Я хорошо помню, какое гнетущее впечатление произвели на всех нас тяжелые потери первого эшелона 1943 года. Лето было в разгаре, стало теплее и сытнее, но подводникам от этого легче не становилось: скорбь по погибшим товарищам, вынужденное бездействие — все это мучительно переживалось и командирами, и матросами. Не надо понимать бездействие буквально, корабельная жизнь безделья не знает, служба, дежурства, текущий ремонт, политучеба, боевая подготовка занимают моряка от побудки до отбоя. Но боевая подготовка в военное время — не школьные занятия, накопленные силы требовали выхода, опыт — применения Люди стали угрюмее и нервнее. Теперь они жили не только ленинградской ситуацией, до них все отчетливее доходили отзвуки гигантских битв на Большой земле. Советские армии наступали — не хотелось плестись в обозе. Вскрылись чудовищные преступления фашистов на оккупированных землях — они взывали к мести.

Почему «С-13» не попала в первый эшелон 1943 года и какова была бы ее судьба, если б ее выпустили в море? Этого вопроса я Александру Ивановичу не задавал. Но я хорошо себе представляю Маринеско в эти томительные для его активной натуры летние и зимние месяцы. В той или иной мере одни и те же настроения владели тогда всеми. Боевой пыл не угас, но напряжение порождало усталость, полосы уныния сменялись полосами раздражительности, не находящего себе выхода нервного возбуждения. Прорывалось иногда и нечто болезненное. Выпивали в то время многие, и не для согревания, как в первую блокадную зиму, а чтоб развеять тоску. За лето и осень сорок третьего Маринеско дважды побывал на гауптвахте, а по партийной линии получил сперва предупреждение, а затем и выговор.
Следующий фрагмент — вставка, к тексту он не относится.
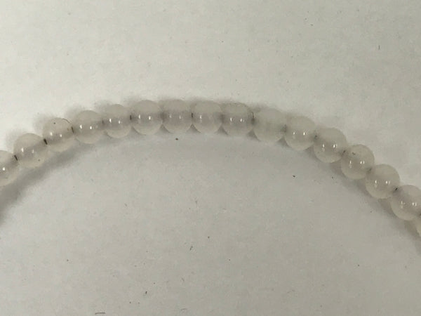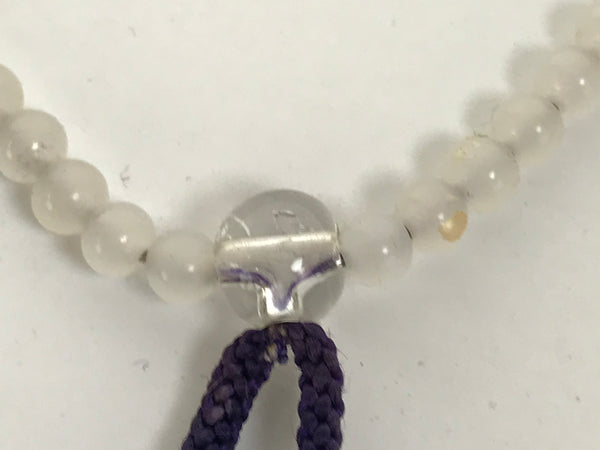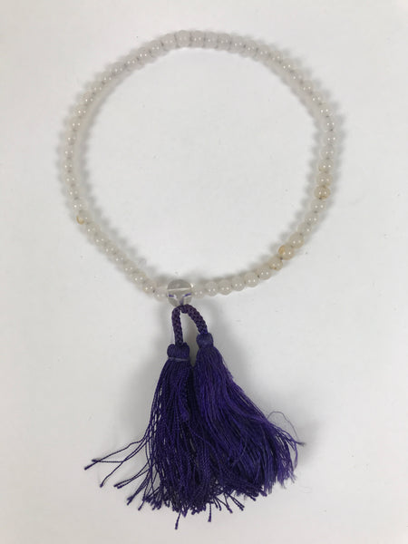 This is a vintage Japanese Buddhist prayer rosary bracelet, Juzu. It is made of small, semi-opaque white glass beads. At the bottom is a large, clear glass bead, and there are purple tassels. This style is commonly used as a portable juzu for on-the-go and across various sects.

Причиной взысканий была не выпивка сама по себе, пил в то время Александр Иванович не больше людей, а в одном случае самовольная отлучка, в другом — опоздание. Выдумывать уважительную причину для опоздания Александр Иванович не стал и честно признался — проспал. Дал обещание исправиться. И слово сдержал. В мае сорок четвертого заседавшая в Кронштадте парткомиссия бригады подводных-лодок постановляет: «Выговор снять как с полностью искупившего свою вину перед партией честной работой и высокой дисциплиной».

Всеведущий акустик Шпанцев комментирует (конец 70-х годов): «Насчет того, что командир загуливает, мы не знали, выпившим на лодке не видели. Знали, что семья у него в эвакуации, и, если говорить честно, многие офицеры в то время были не без греха, ну мы догадывались, что и наш тоже. Но когда появилась возможность, первый, кто вызвал свою семью, был Александр Иванович. И вот еще черта — у прежнего командира после похода была нехватка продуктов, а Маринеско, возвращаясь из походов, аккуратно сдавал что положено, а вот те продукты, что команда не доела — вы ведь знаете, в походе едят мало, — приказывал разделить поровну и раздать. И не было случая, чтоб командир взял себе больше других».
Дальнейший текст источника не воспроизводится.